Investors have cooled on e-commerce so far this year, as deal count continued to slide further in Q3’16. We did see a funding bump last quarter due to several major deals, but more significantly, quarterly deal activity fell to the lowest level since late 2012.
Quarterly deals and dollars
In Q3’16 e-commerce deal count dropped for the second-consecutive quarter to 163 deals, the lowest number of deals since Q4’12. This represents a 37% drop from the Q3’15 peak of 257 deals, and an 11% drop from Q2’16.
However, funding dollars increased 38% to $2.2B in Q3’16, from $1.6B the prior quarter. Funding growth was driven by a large $449M Series F round to Beijing-based online electronics retailer Qufenqi — a deal more than $100M larger than the largest deal in Q2 (a $340M corporate minority round into apparel conglomerate Global Fashion Group in April). Beijing was also home to the second-largest deal in Q3’16, a $195M Series B to consumer goods shopping platform HuiMin. Online car dealership Carvana earned the third-largest deal with a $160M Series C. Based in Phoenix, Arizona, Carvana is now the city’s most well-funded internet startup, having raised $335M in total.

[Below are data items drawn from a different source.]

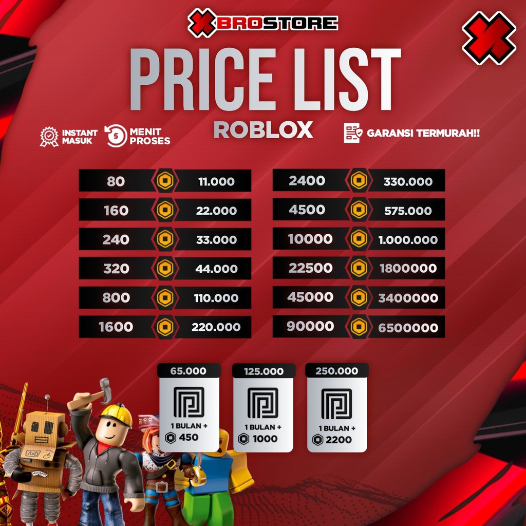Beli robux 500 3500 termurah se indonesia instant roblox.
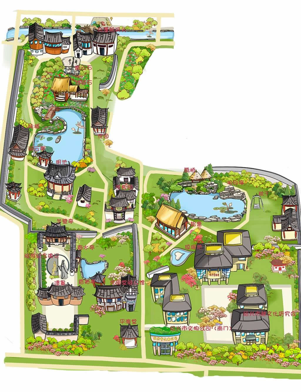 沈園主要由古跡區(qū)、東苑和南苑(陸游紀(jì)念館和連理園)三大部分組成,形成了“斷云悲歌”、“詩(shī)境愛(ài)意”、“春波驚鴻”、“殘壁遺恨”、“孤鶴哀鳴”、“碧荷映日”、“宮墻怨柳”、“踏雪問(wèn)梅”、“詩(shī)書(shū)飄香”和“鵲橋傳情”等十景。
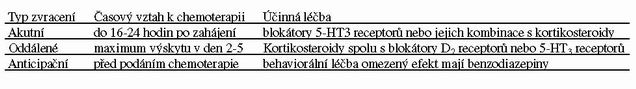 V časovém vztahu kcytostatické léčbě rozlišujeme tři různé typy zvracení, z nichž každý má poněkud jinou prevenci a léčbu.
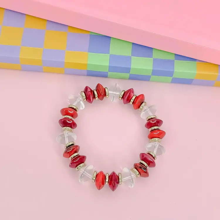 • Bring the fun with bold red and frosty clear beads! Perfectly spaced with golden accents for a playful yet polished look.
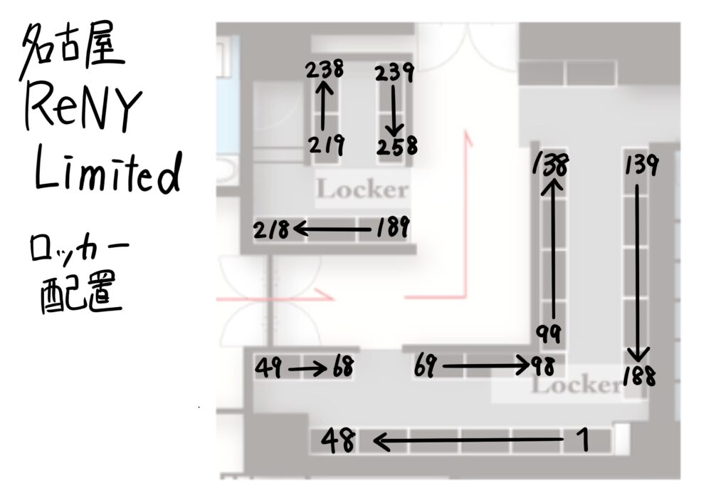 進行方向左手(No.189〜)のロッカーは女性用トイレの入り口(後述)があるため、右手のロッカーの使用を推奨します。

Q3’16 saw more deals at the high end than the prior quarter — we saw five $100M+ mega-rounds in Q3’16, compared to four in Q2’16 — and the median deal size also increased significantly, from $2M in Q2 to $3.5M in Q3.
Annual deals and dollars
If e-commerce startup investment continues at its current rate, the sector is on track to see dramatic declines in both deal count and funding dollars this year. 2016 to date (through 10/17/16) saw $6.8B invested into e-commerce across 594 deals, a run-rate that would put the full year total at a bit above $8.5B and 740 deals. This drop would leave both deals and dollars below 2014 levels.
E-commerce deals and funding peaked last year with 910 deals worth a collective disclosed $15.8B. In 2015, a number of broad global e-commerce platforms raised funding, boosting the year’s total — we saw a whopping 33 $100M+ mega-rounds last year, including seven deals worth $500M or more. Group-buying and broad e-commerce platform China Internet Plus raised last year’s largest deal with a $2.8B growth equity investment. Also in 2015, South Korean platform Coupang raised $1B from SoftBank Group, Indian Amazon competitor Flipkart raised a $550M Series I, and the US-based Jet.com (acquired this year by Walmart) raised $500M, among others.
China Internet Plus raised 2016’s largest round so far with its $500M growth equity round in Q1. This is followed by the $449M Series F to Qufenqi, the $340M corporate minority investment into Global Fashion Group, and a $275M private equity investment into Middle Eastern online shopping platform Souq.com. UK investment management firm Baillie Gifford & Co. participated in both growth equity deals to China Internet Plus and to Souq.com.